Potential cuda kernel lauching problem of `reduce_except_dim<0,..>` operator

Question

Potential cuda kernel lauching problem of `reduce_except_dim<0,..>` operator

sxjscience opened this issue 8 years ago · 11 comments

I find that if we use reduce_except_dim<0,..>, we will ultimately call MapReduceKeepDim1(https://github.com/dmlc/mshadow/blob/master/mshadow/tensor_gpu-inl.h#L153-L155), which may have problems for large matrix. In fact, in the implementation of MapReduceKeepDim1, the dimGrid is set directly as p[1] (https://github.com/dmlc/mshadow/blob/master/mshadow/cuda/tensor_gpu-inl.cuh#L183-L184), which may exceed the boundary of 65536(https://github.com/dmlc/mshadow/blob/master/mshadow/cuda/tensor_gpu-inl.cuh#L45).

This problem does not exist for MapReduceKeepLowest, which has used MemUnits to set kernel launching parameters https://github.com/dmlc/mshadow/blob/master/mshadow/cuda/tensor_gpu-inl.cuh#L142-L143. Should we change the implementation of MapReduceKeepDim1 to be similar to MapReduceKeepLowest in the future?

sxjscience commented 8 years ago

Not yet.

Answer 1 · 2016-06-15T20:20:44.000Z

yes, at least we should first ensure the kernel fails with an error message when the bound get hit

Answer 2 · 2016-06-16T06:30:58.000Z

@tqchen For example, the following code will have problem since 100*100*100 > 65536
Output as follows

[14:27:59] d:\hkust\mshadow\mshadow\./cuda/tensor_gpu-inl.cuh:46: too large launch parameter: MapReduceKeepDim1[256,1,1]

#include<iostream>
using namespace mshadow;
using namespace mshadow::expr;
int main() {
  Stream<gpu> *s1 = NewStream<gpu>();
  InitTensorEngine<gpu>();
  Tensor<gpu, 4, float> in = NewTensor<gpu, float>(Shape4(100, 100, 100, 2), 1.0f, 0, s1);
  Tensor<gpu, 1, float> out = NewTensor<gpu, float>(Shape1(100 * 100 * 100), 0.0f, 0, s1);
  out = reduce_except_dim<0, red::sum>(reshape(in, Shape2(100 * 100 * 100, 2)));
  Tensor<cpu, 1, float> out_cpu = NewTensor<cpu, float>(Shape1(100 * 100 * 100), 0.0f);
  Copy(out_cpu, out, s1);
  std::cout << out_cpu[0] << std::endl;
  return 0;
}

However, the following code that uses reduce_except_dim<1,...> has no problem

#include<iostream>
using namespace mshadow;
using namespace mshadow::expr;
int main() {
  Stream<gpu> *s1 = NewStream<gpu>();
  InitTensorEngine<gpu>();
  Tensor<gpu, 4, float> in = NewTensor<gpu, float>(Shape4(100, 100, 100, 2), 1.0f, 0, s1);
  Tensor<gpu, 1, float> out = NewTensor<gpu, float>(Shape1(100 * 100 * 100), 0.0f, 0, s1);
  out = reduce_except_dim<1, red::sum>(reshape(in, Shape2(2, 100 * 100 * 100)));
  Tensor<cpu, 1, float> out_cpu = NewTensor<cpu, float>(Shape1(100 * 100 * 100), 0.0f);
  Copy(out_cpu, out, s1);
  std::cout << out_cpu[0] << std::endl;
  return 0;
}

Answer 3 · 2016-09-12T21:59:55.000Z

Has this been fixed?

Answer 4 · 2017-08-18T09:26:08.000Z

We recently encountered this ourselves.
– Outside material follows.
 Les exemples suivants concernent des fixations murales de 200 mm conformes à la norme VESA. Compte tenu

Is there any way to work around this at user level?

Answer 5 · 2017-08-19T00:47:09.000Z

Any update?

Answer 6 · 2017-08-19T01:01:34.000Z

I'm outside and will look into it when I come back to the university. Basically, we could set the grid to be larger by setting the ydim. For example, if we find p[1] is larger than 65536, we can set grid to be grid(ceil(p[1] / max), max).
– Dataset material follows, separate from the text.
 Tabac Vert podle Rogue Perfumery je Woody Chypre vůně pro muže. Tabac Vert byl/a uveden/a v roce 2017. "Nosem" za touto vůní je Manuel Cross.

Answer 7 · 2017-08-20T13:28:40.000Z

@tornadomeet @taliesinb Should be solved by #285

Answer 8 · 2017-08-21T00:38:38.000Z

@sxjscience thx, i'll test it today.

Answer 9 · 2017-08-21T03:10:38.000Z

@sxjscience i just test, #285 does not fix issue apache/mxnet#7523

if training on signle gpu, then the bug has been fixed, but when training multi-gpus, it will output error:

Answer 10 · 2017-08-21T08:53:34.000Z

i think we can close this issue, because the multi-gpu bugs is not related with this fix i think. @sxjscience i'll open a new issue in MXNet.